Design/methodology/approach
Non-systematic review of literature from websites of national, state and territory health departments and interviews with key stakeholders for Australian strategies to reduce antimicrobial resistance.
Findings
In July 2015 all states and territories in Australia adopted the National Antimicrobial Resistance Strategy 2015-2019, which is built on the World Health Organization policy package to combat antimicrobial resistance. This strategy represents “the collective, expert views of stakeholders on how best to combat antimicrobial resistance in Australia. It will also support global and regional efforts, recognising that no single country can manage the threat of antimicrobial resistance alone”. It combines quantitative and qualitative monitoring strategies with frameworks and guidelines to improve management of the use of antimicrobial resistant drugs. Prior to this, health services and states developed and implemented initiatives aimed at monitoring and improving prescribing practices. Development of the national strategy has encouraged and fostered debate within the Australian health system and a raft of new policy initiatives.

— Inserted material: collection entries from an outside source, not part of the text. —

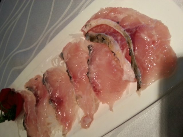 青鱼片,BF知道我喜欢吃鱼片的,所以特地点给我的呢,鱼片在水里一趟就熟了,鱼片非常的嫩滑,没有腥味,而且肉质很有弹性,不会粘牙,而且一盘也有蛮多的呢~
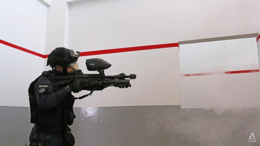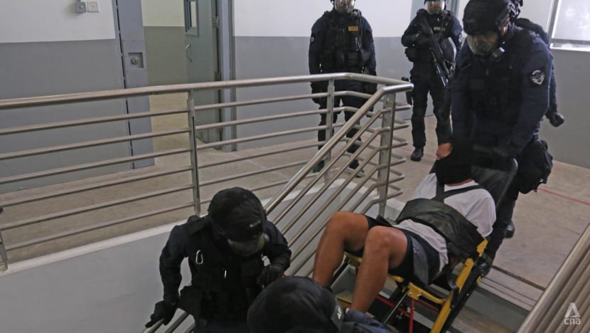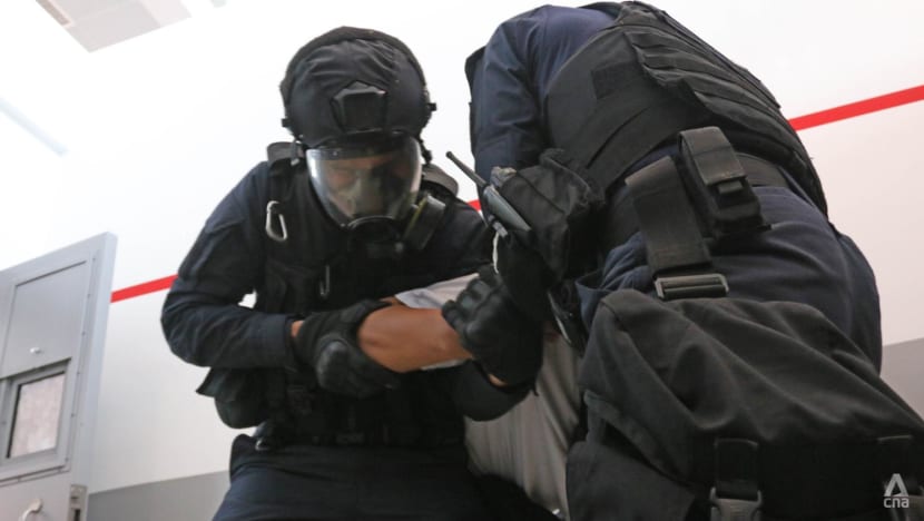 This was part of a demonstration put up by the unit at its base in Changi Prison on Tuesday (Feb 8) to showcase the technology used in handling violent inmates.
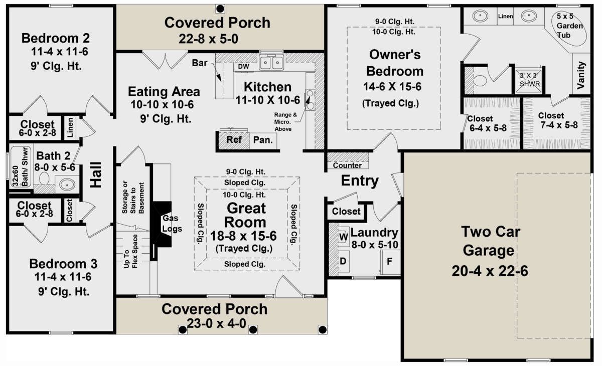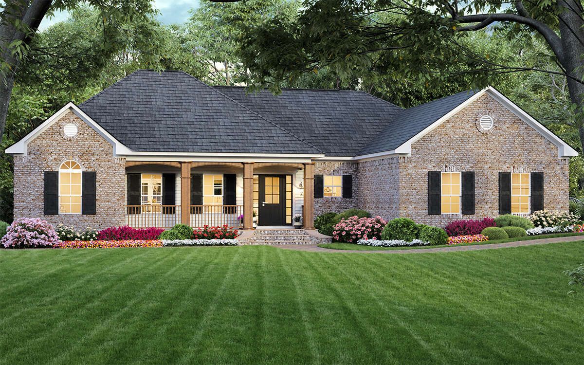 This country house plan combines classic architectural charm with a practical layout and efficient use of space. Its single-story design, open living areas, and comfortable bedroom arrangement make it a versatile and appealing choice for modern family living.
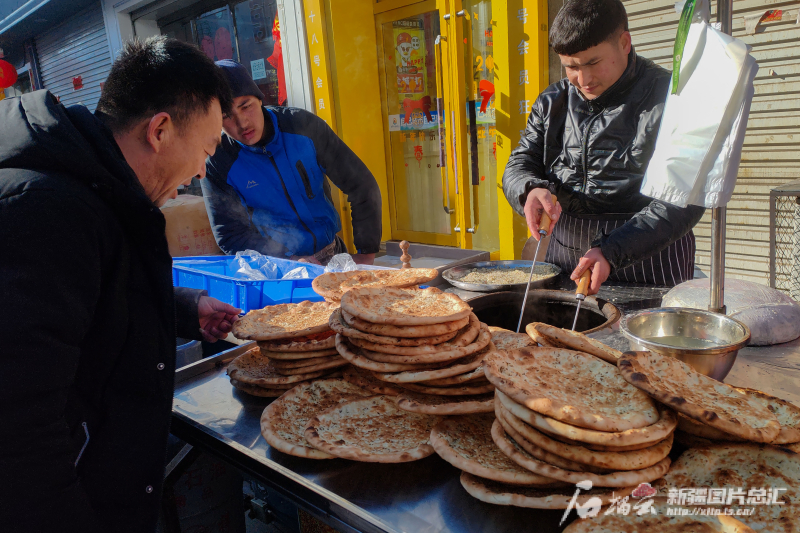 顾客在吐尔逊艾力的馕摊上购买新疆烤馕。
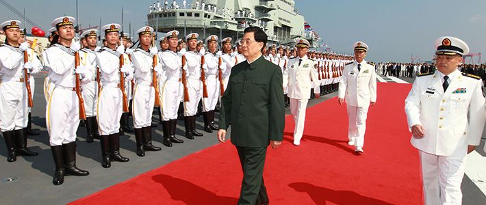 カバー写真は、2012年9月、空母「遼寧」就役式で視察する胡錦濤国家主席(当時)。(写真提供=Photo shot/時事)

Research limitations/implications
Surveillance strategies are in place to monitor impact and trends at jurisdictional and sector levels. However, actual impact on antimicrobial resistance and prescribing practices remains to be seen as existing initiatives are expanded and new initiatives implemented.
Practical implications
This overview of key Australian initiatives balancing quantitative and qualitative surveillance, accreditation, research, education, community awareness and price signals on antibiotic prescribing practices may be valuable to health systems in developing local strategies.
Originality/value
The authors provide an up to date overview of the context, strategies and aims of antimicrobial stewardship in Australia.